_Exercise instructions_. Find the lines in the records below that contain "with", and report each of them.

_Supplied material_.

╭──

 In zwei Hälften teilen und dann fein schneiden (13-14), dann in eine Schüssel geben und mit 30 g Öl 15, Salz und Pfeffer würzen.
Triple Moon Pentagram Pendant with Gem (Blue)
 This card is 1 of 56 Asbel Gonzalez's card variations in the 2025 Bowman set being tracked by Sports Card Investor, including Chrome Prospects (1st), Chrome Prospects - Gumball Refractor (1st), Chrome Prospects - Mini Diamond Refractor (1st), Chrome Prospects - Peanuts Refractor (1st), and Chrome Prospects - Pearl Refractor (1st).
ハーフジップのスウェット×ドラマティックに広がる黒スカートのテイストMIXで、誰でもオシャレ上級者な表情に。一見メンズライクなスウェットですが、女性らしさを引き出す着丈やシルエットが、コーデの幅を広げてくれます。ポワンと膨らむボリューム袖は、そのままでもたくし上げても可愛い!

╰──
╭──

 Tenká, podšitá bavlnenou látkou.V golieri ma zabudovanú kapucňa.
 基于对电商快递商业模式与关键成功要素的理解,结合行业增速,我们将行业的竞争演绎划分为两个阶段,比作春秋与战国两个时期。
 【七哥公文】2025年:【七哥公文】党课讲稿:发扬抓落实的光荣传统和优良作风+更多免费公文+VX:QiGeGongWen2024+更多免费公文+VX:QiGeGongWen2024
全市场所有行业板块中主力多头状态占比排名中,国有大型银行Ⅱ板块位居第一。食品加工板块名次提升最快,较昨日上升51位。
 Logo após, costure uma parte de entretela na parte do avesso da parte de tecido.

╰──
╭──

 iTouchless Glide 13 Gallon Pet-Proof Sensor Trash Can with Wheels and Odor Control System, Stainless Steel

╰──

_Written solution_.
Triple Moon Pentagram Pendant with Gem (Blue)
 iTouchless Glide 13 Gallon Pet-Proof Sensor Trash Can with Wheels and Odor Control System, Stainless Steel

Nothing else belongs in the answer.